Depois da queda, de aumentar de
tamanho, chorar, diminuir de tamanho e
nadar no mar de suas próprias lágrimas,
a menina vê uma assembléia de animais
exóticos. Os mesmos trabalhadores
sofridos começam a entrar em contato com as obras de Marx e começam a montar os primeiros
grupos de operários para reivindicar pela melhoria nas condições do trabalho.
A rigidez imposta pela Monarquia é retratada pelas peças de xadrez e pela Rainha. Sua
histeria e prepotência não se encontram na obra por mero acaso. A ordem de cortar a cabeça por
qualquer desrespeito as regras pode indicar a severidade que havia na época. O mesmo tema pode
ser interpretado no chá que Alice participa com a Lebre e o Chapeleiro. O famoso chá das cinco
representa a pontualidade inglesa aos compromissos e, certamente, com a vida.
Em contra partida, entre as classes mais altas, o uso do ópio era comum. Oscar Wilde mostra
isso no livro Dorian Gray, quando a personagem principal imerge no submundo inglês. Em Carroll,
uma possível mostra deste lado é a Lagarta e seu cachimbo. Nota-se que na adaptação da Disney, a
Lagarta solta anéis de fumaça coloridos, um dos efeitos do ópio na visão.
Na época em que o livro foi publicado, a figura d criança era venerada. As crianças eram
consideradas puras, verdadeiros anjos. Porém eram muito inocentes em termos de sociedade, não
podiam se misturar ao mundo adulto. E parece que para Lewis Carroll esse paradigma era quebrado.
Ele insere uma criança em um mundo completamente adulto, numa posição de independência para
realizar escolhas e enfrentar as ordens da Rainha.
Essas escolhas, para alguns autores, parece ser o medo do autor em relação ao crescimento
de sua amada. Pelos registros deixados em seus diários, ele não queria que a jovem menina perdesse
suas características puras. Por volta dos dez anos, as meninas começavam a aprender coisas do
mundo adulto e a se tornarem boas esposas. E isso remeteria a perda da infância em Alice.
Conclusão
Na análise da obra, verifica-se que há inúmeros fatores extra-textuais que contribuem para a
criação de um novo mundo, um mundo no qual Alice estaria protegida e aprenderia. E tais fatores
tornariam a obra muito mais do que u simples livro para crianças.
Carroll as tratava como indivíduos especiais, que deveriam estar preparadas para o mundo
real. Talvez esse legado não fosse para todas as crianças. Talvez ele fosse apenas para jovem
inspiração do autor. Mas por que ele teria tanta preocupação?
Como um simples conto narrado em um passeio de barco se torna uma das histórias com o
maior número de traduções? As riquezas de detalhes, um trabalho coeso, complexo construído em
tão pouco tempo. Infelizmente apenas as especulações podem responder a essas perguntas, já que
nenhuma evidência concreta existe. Assim, até mesmo o maior pesquisador do assunto entrará no
mundo onírico do País das Maravilhas. Um mundo onde as leis não seguem aquelas que vivemos
aqui na Terra.
Bibliografia

COELHO, Nelly Novaes. Panorama histórico da literatura infantil-juvenil: das origens


indoeuropéias ao Brasil contemporâneo. 3 ed. Refundida e ampl. São Paulo: Quíron, 1985.

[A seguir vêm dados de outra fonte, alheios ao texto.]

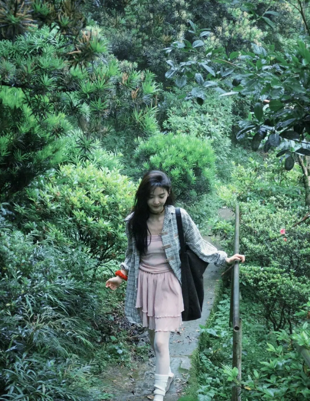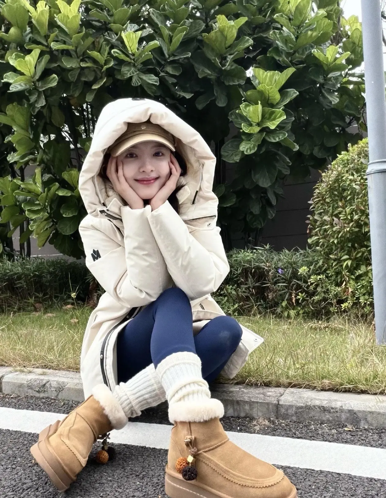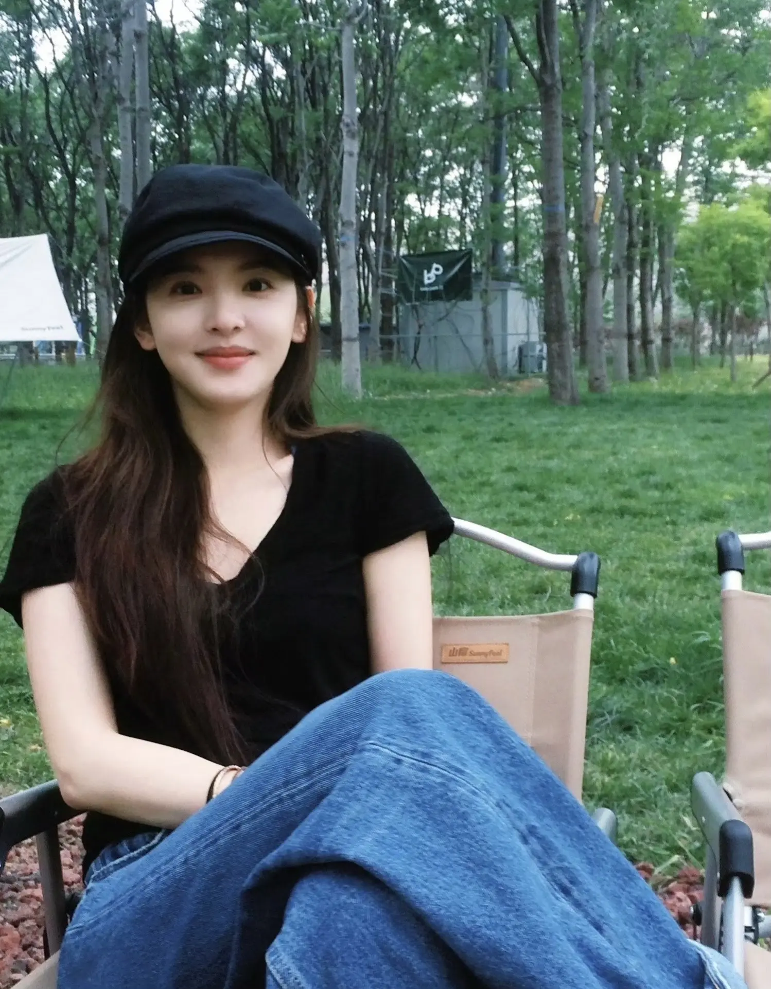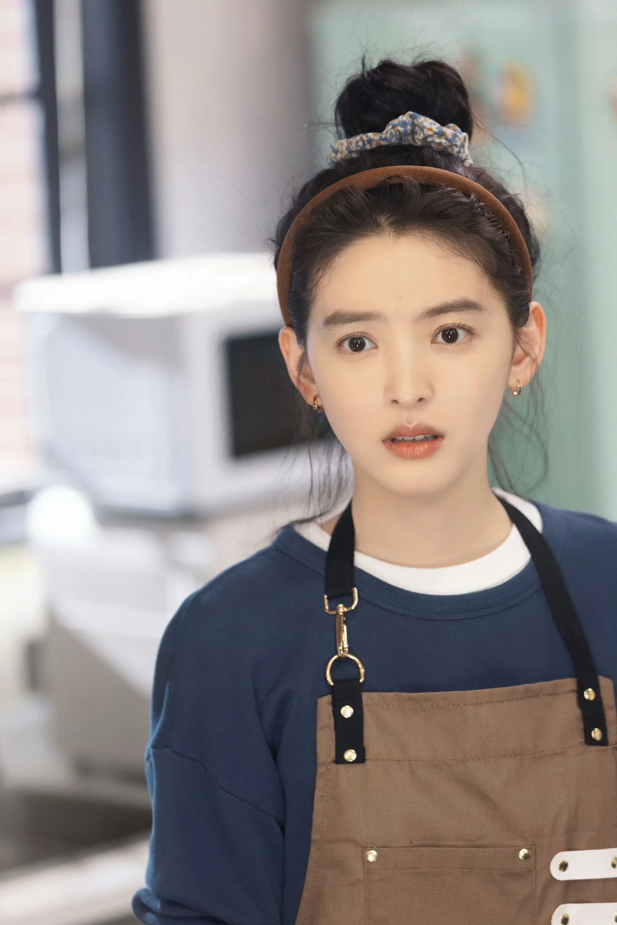 刘亦菲这条裤子挺养生,毕竟降温了肚脐眼必须护住啊

CARROLL, Lewis. Alice: edição comentada. Tradução de Maria Luiza X. De A. Borges. Rio de
Janeiro: Jorge Zahar Ed., 2002

CARROLL, Lewis. Aventuras de Alice: no país das maravilhas; Através do espelho e o que
Alice encontrou lá e outros textos. Tradução de Sebastião Uchoa Leite. Summus Editorial.

DELGADO, José María Sanchez. Matemáticas em el País de las Maravillas.